Now boys, if you are the ballsiest of guy, you can attempt the ever so tender (or should I say Tinder?) Drama genre. Please handle with care; this is not for the faint of heart. This genre involves some pre-date consulting. Yes, I mean let her pick. You have to avoid any touchy subjects that will dredge up a sob fest from her past because literally ain’t nobody got time. There are some perfect films in these sub-genres: Bio drama – Leonardo DiCaprio and all his Howard Hughes perfection in The Aviator and Johnny Depp in his heartfelt portrayal of J. M. Barrie in Finding Neverland; Crime dramas – there’s Shia LaBeouf and Tom Hardy in Lawless, and Denzel Washington in Training Day. Then you have Period Pieces – Pride & Prejudice, Jane Eyre, and Great Expectations. You’ll find Showbiz Dramas– Flashdance, Sports – A League of Their Own, Radio, and Hardball. Finally, the Tearjerkers and if you can pull this off I tip my hat to you – Hachi: A Dog’s Tale, Good Will Hunting, and Forrest Gump. Again, take heed, stay away from courtroom dramas, political dramas, and social issue dramas unless you want to get into a fight and have her storm out carrying that $7 bottle of wine you got her at the grocery store on your way home from work and eating those tacos you shouldn’t have had before a date, you AMATEUR.

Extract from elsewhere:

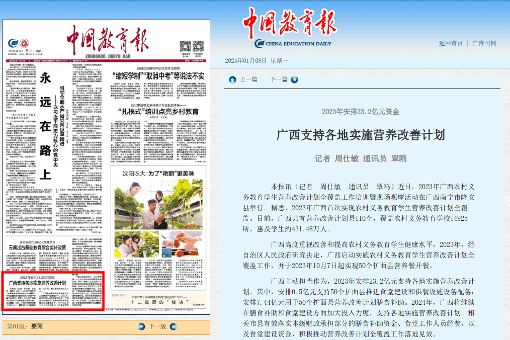 广西高度重视改善和提高农村义务教育学生健康水平,2023年,经自治区人民政府研究决定,广西启动实施农村义务教育学生营养改善计划全覆盖工作,并于2023年10月7日起实现50个扩面县营养餐开餐。

Be sure to hide the recently watched category unless you want all of your secrets laid out on the table. Alas, I can only give you guidance. But there you have it, friends. Those are 55 films to freak to. On this Valentine’s Day weekend I wish you the very happiest of hunting and a successful night budding from that fateful “Netflix and chill?” text. May the odds be ever in your favor.